What the task requires: Look below for the line with "Now, this is". Retype it and every line after it to the end, exactly, but leave out the pictures.

*** Opening Data section ***

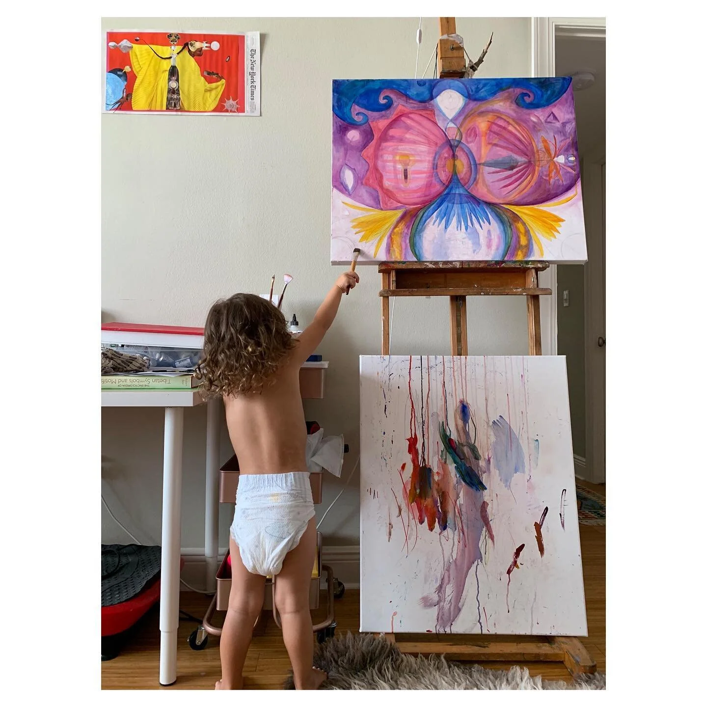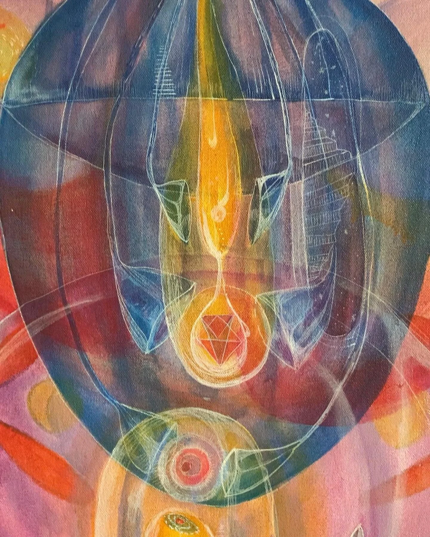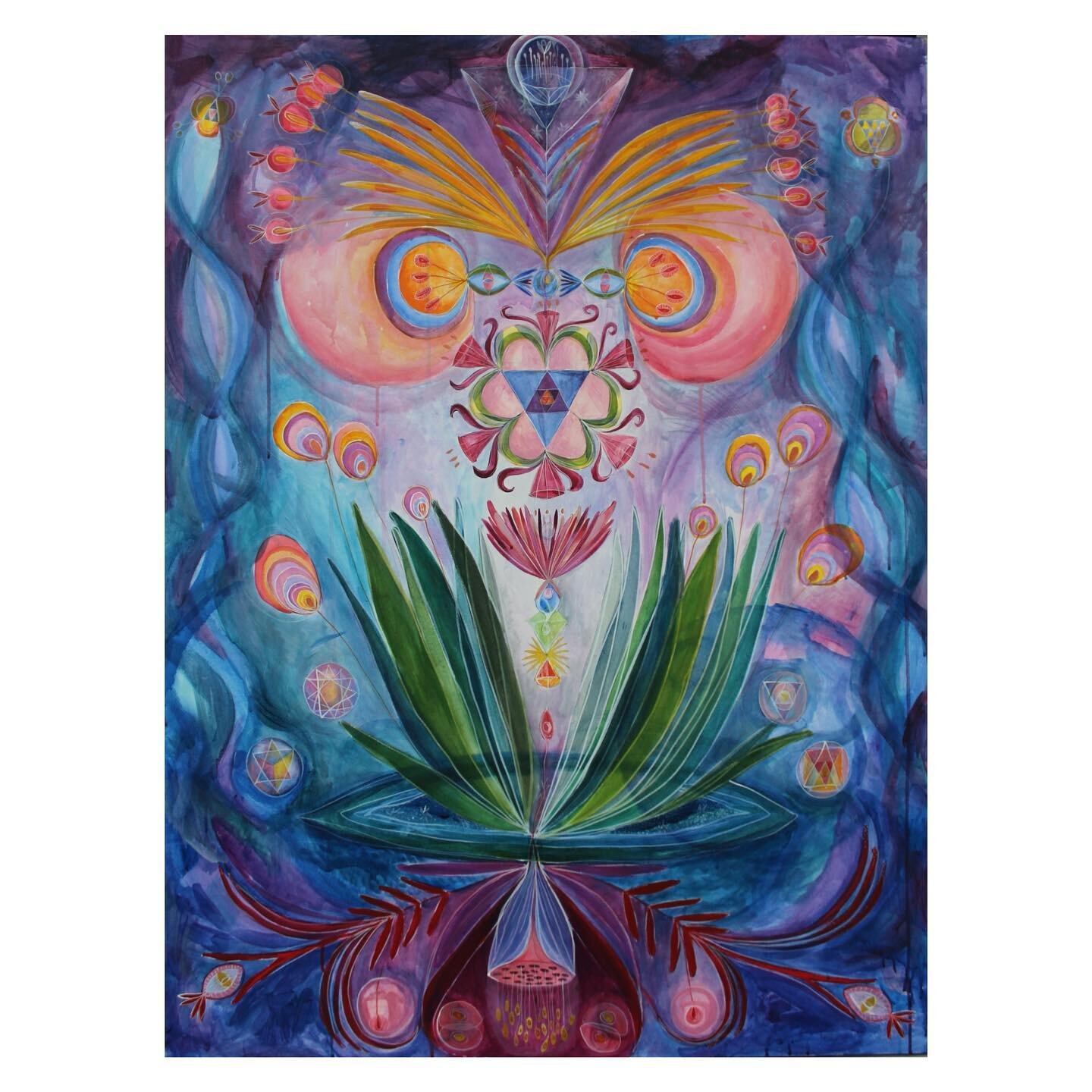 Known for materializing the spiritual, Sharon's paintings bring the viewer into a meditative state of otherworldly realms.
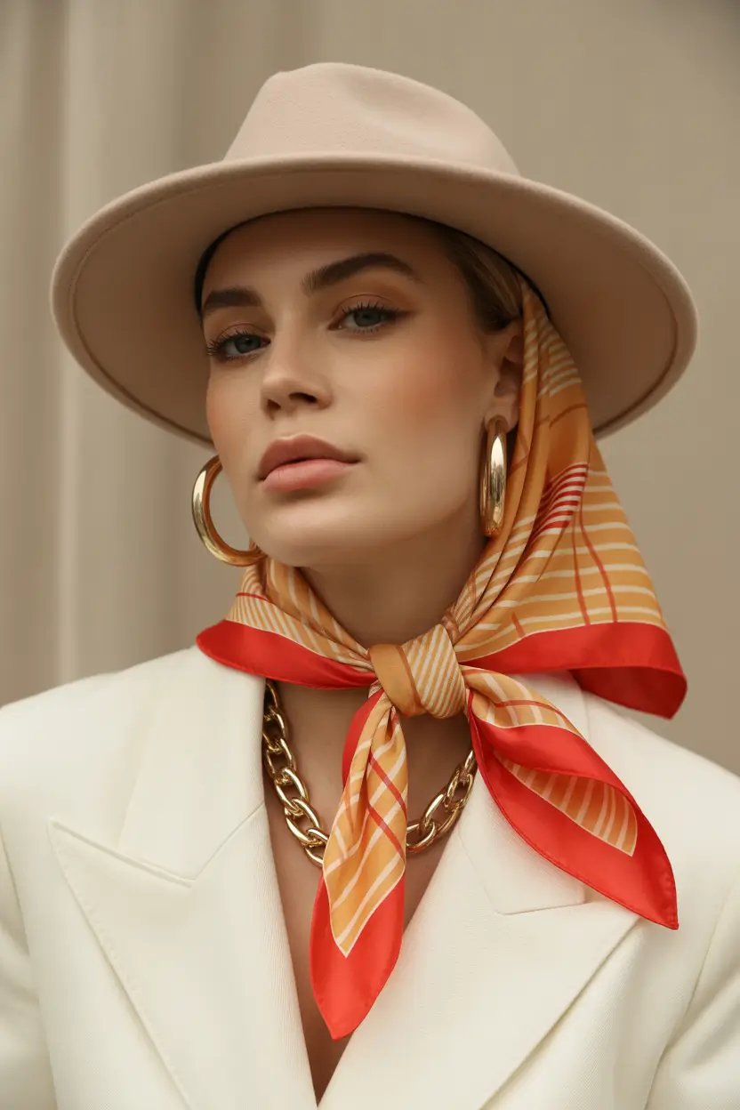 Now, this is where fall hairstyles for round faces 2025 level up to high fashion. Wrapping a silk scarf under a structured hat instantly adds the angles a round face loves. Think of the scarf as a cap for the hair, keeping the base neat while the top stays bold and streamlined.
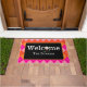 Eleva tu entrada con nuestra encantadora alfombra de bienvenida personalizada de diseño rosa y naranja, con una divertida pelota de golf en un vaso azul que sustituye a la O en Welcome. Vestimenta tu entrada con una alfombra de bienvenida con temática de golf. El regalo perfecto para el ávido golfista o la casa club de golf de 19 hoyos.
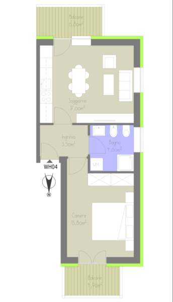 è composto da: atrio, soggiorno cucina, 2 balconi, un bagno finestrato, una camera da letto, una cantina e da un posto macchina in garage.
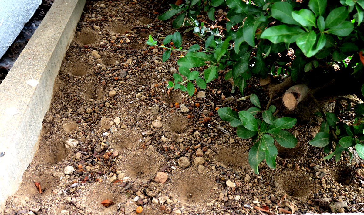 Selbst eine Gruppe Tetramorium cf. caespitum hat den komplizierten Weg zu der Schale auf der Abdeckung des Komposthaufens entdeckt.

*** Closing Data section ***

Response to this exercise:
 Now, this is where fall hairstyles for round faces 2025 level up to high fashion. Wrapping a silk scarf under a structured hat instantly adds the angles a round face loves. Think of the scarf as a cap for the hair, keeping the base neat while the top stays bold and streamlined.
 Eleva tu entrada con nuestra encantadora alfombra de bienvenida personalizada de diseño rosa y naranja, con una divertida pelota de golf en un vaso azul que sustituye a la O en Welcome. Vestimenta tu entrada con una alfombra de bienvenida con temática de golf. El regalo perfecto para el ávido golfista o la casa club de golf de 19 hoyos.
 è composto da: atrio, soggiorno cucina, 2 balconi, un bagno finestrato, una camera da letto, una cantina e da un posto macchina in garage.
 Selbst eine Gruppe Tetramorium cf. caespitum hat den komplizierten Weg zu der Schale auf der Abdeckung des Komposthaufens entdeckt.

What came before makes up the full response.